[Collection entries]
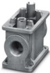
HEAVYCON ADVANCE B6 box mounting base, for M6 screw locking, salt-water-resistant aluminum, with 2 x M20 thread, without surface coating

Please be informed that the data shown in this PDF Document is generated from our Online Catalog. Please find the complete data in the user's documentation. Our General Terms of Use for Downloads are valid ( http://download.phoenixcontact.com )
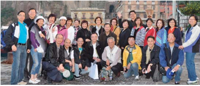
Group photo in Sorrento, Italy
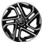
R16 - 40.62 cm (16") Dual Tone Crystal Cut Alloy Wheels
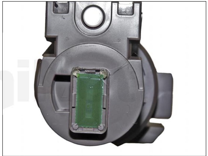
8. With a hot glue gun, place a small amount of glue on each of the corners that were removed.
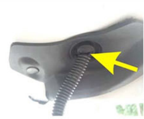
8. Thread the stay wire into the reserved hole and plug the rubber plug
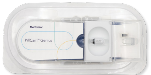
PillCam™ Genius SB kit

Designed to streamline procedures – our single-use capsule and link device enable ingestion from the comfort of your own home, during telehealth appointments and can be simply returned in-person or by mail. 1 The PillCam™ Genius SB kit brings a new freedom for physicians and patients by being able to perform capsule endoscopy when it is needed most.
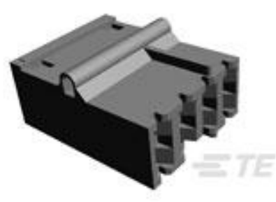
TE Part #928343-6 STD-TIM GEH 6P
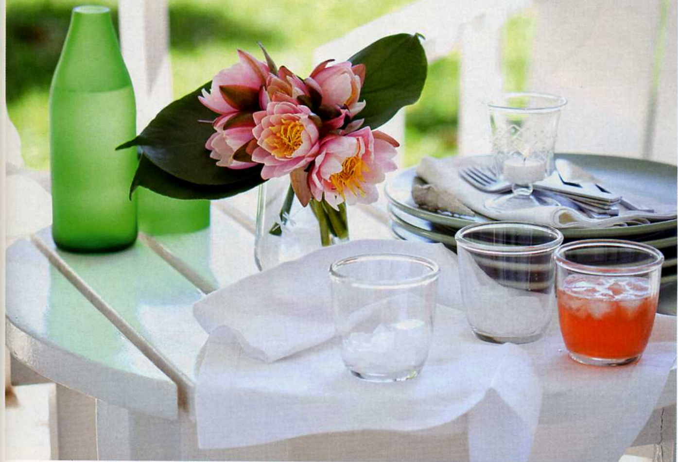
Chair and table, stylist's own; seek similar painted Adirondack chair and table, from $1510/3-piece set, Ocean Country Furniture. Artecnic Tord Boontje polished 'TranSglass' lidded carafe in Green, $85, De De Ce Plus. Kate Spade 'June Meadow' tumbler (holding flowers), $79, Royal Doulton. Bird linen serviettes in White, $18.50 each, Avenue Joffre. Corona tumblers, $24.95/set of 6, Bodum. Barcelona stainless-steel cutlery, $139/24-piece set, Bodum. Shell, $8.99/tub, Spotlight. Hand-blown glass realight holder, $24, Shades of Pale. Dinner plates in Celery, $40 each, Bison Australia. Stockists, page 182
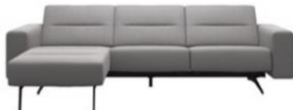
2 Seater w Longseat (M)
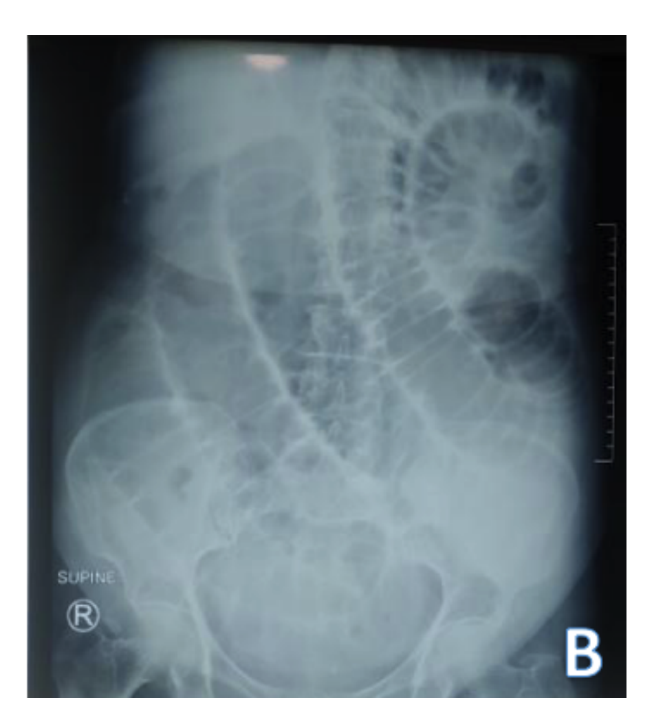
Figure 1. Plain abdominal X-ray: (A) Multiple air-fluid levels visible in the small bowel loop in in erect view; (B)Prominent dilated small bowel loops seen in supine view

Ultrasonography of the abdomen and pelvis was unremarkable with minimal free fluid in the pelvis. Urgent Contrast Enhanced Computed Tomography (CECT) scan was performed which confirmed collection of fluid in the right iliac fossa, pelvis and along the anterior surface of the liver. It was however unremarkable and no specific findings were documented supportive of mesenteric ischemia. Despite aggressive fluid management, analgesics and intravenous antibiotics, the condition of the patient did not improve. Hence, the patient underwent emergent laparotomy. Intraoperatively, greenish fluid and gangrenous small bowel starting from 20 cm distal to the duodenojejunal flexure to 15 cm proximal from the Ileocolic junction was seen (Figure 2). Tissue decay with blackish discoloration of the intestine was found which is suggestive of AMI. Resection of the gangrenous segment of the bowel with double barrel loop ileostomy was performed.
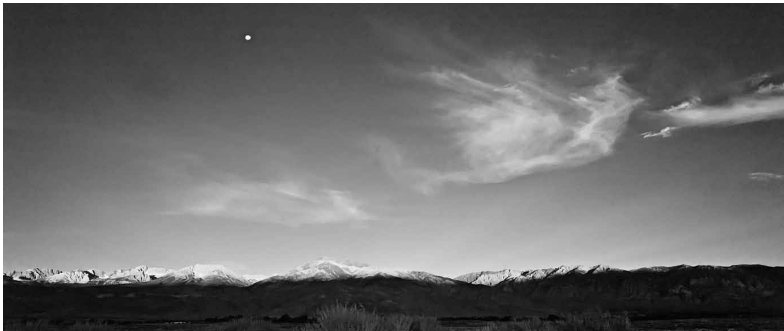
Full Moon Sunrise Ranges of Light, 2011
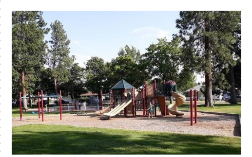
A photo of the playground in Glass Park
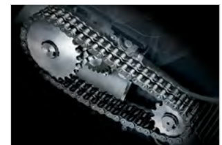
SUPER POTENTIAL POWER SYSTEM

Two integrated and removable bins to separate shredded paper from plastic shreds.
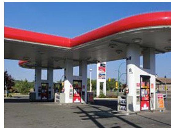
Image 3: Muskeg Lake Cree Nation Urban Reserve, Saskatoon, Saskatchewan.

Creating an urban reserve is a complex process, which takes much dedication, organization, and communication.
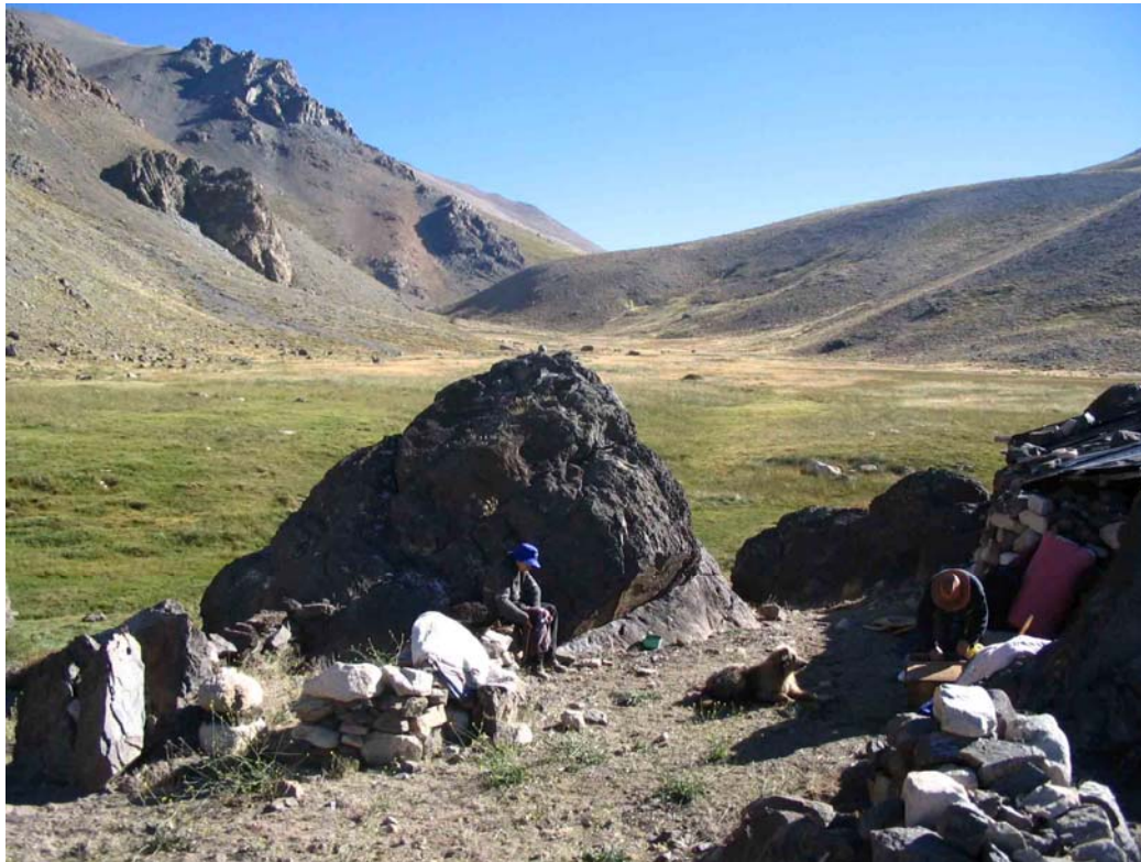
Figure 4. Panoramic view of the locality of Vega Piuquenes.
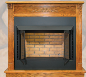
Shown with Deluxe Mantel

Our Model ZCBB is available as a 36" or 42" zero clearance universal firebox. Install it almost anywhere since no chimney or hearth is required. Customize for the look you want with tile, rock or marble and add a raised hearth if you desire. The ZCBB offers an efficient heat circulating design which keeps warm air flowing. This fireplace is perfectly completed by adding a set of Buck Stove Vent-Free Ember Vision Gas Logs.
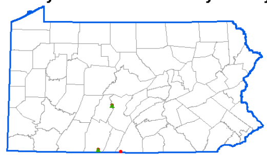
current data • records > 30 years old (1975) Pennsylvania Natural Heritage Program data 2005
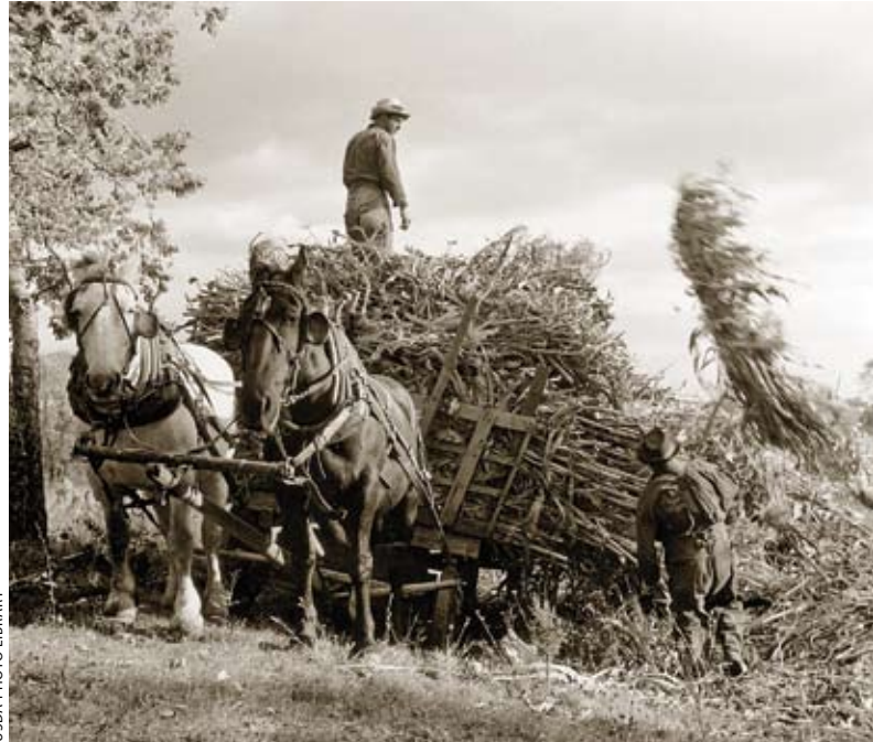
USDA PHOTO LIBRARY

First Agricultural Census. In 1839, Commissioner of Patents Henry Ellsworth prevailed upon Congress to designate $1,000 for "carrying out agricultural investigations, and procuring agricultural statistics." Then, in 1840, detailed agricultural information was collected through the first Census of Agriculture, which provided a nationwide inventory of production. Using the census information as a benchmark, Ellsworth used other annual data to make agricultural estimates for each year between the 10-year census cycle.
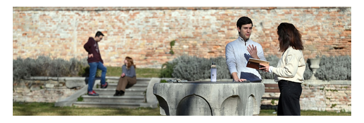
University Language Centre (CLA)
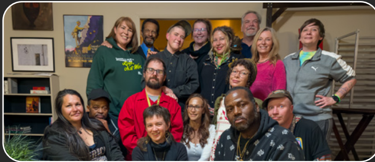
CHR Holiday Party 2025
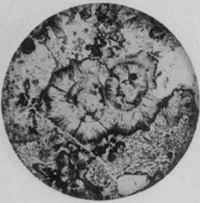
Fig. 2. Spherulitic Felsite. x 30.
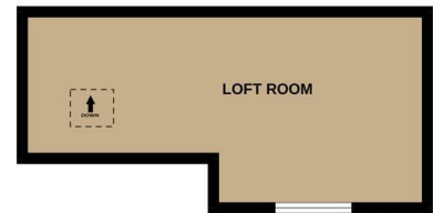
1ST FLOOR 192 sq.ft. (17.8 sq.m.) approx.
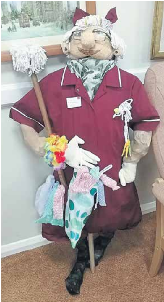
Scarecrow at Aycliffe Care Home Ada Mop
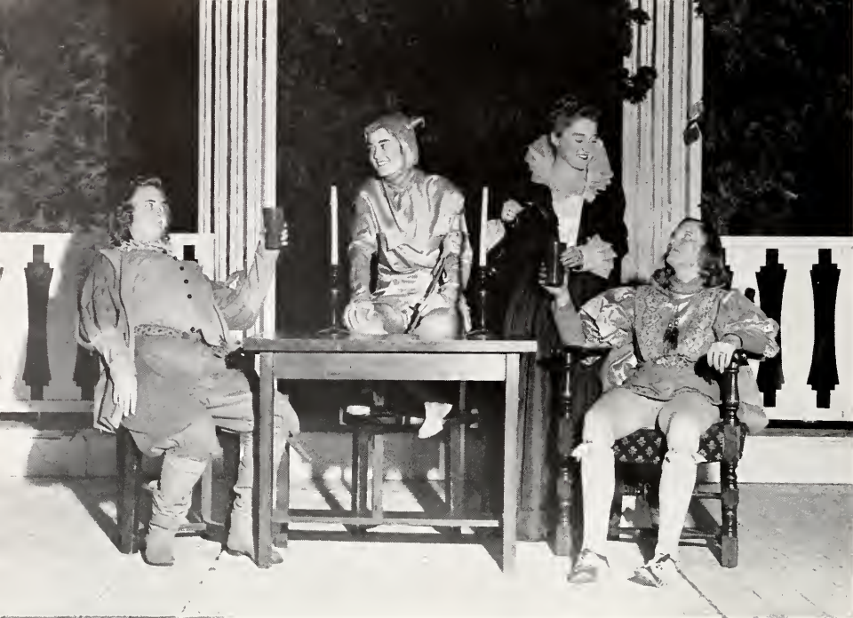
PLAYS, PAGEANTS AND OPERETTAS ARE FREQUENTLY PRESENTED

What you need to do:
A single integer is the expected output: the number of lines in the data that include the word "view".

Reply to the exercise:
2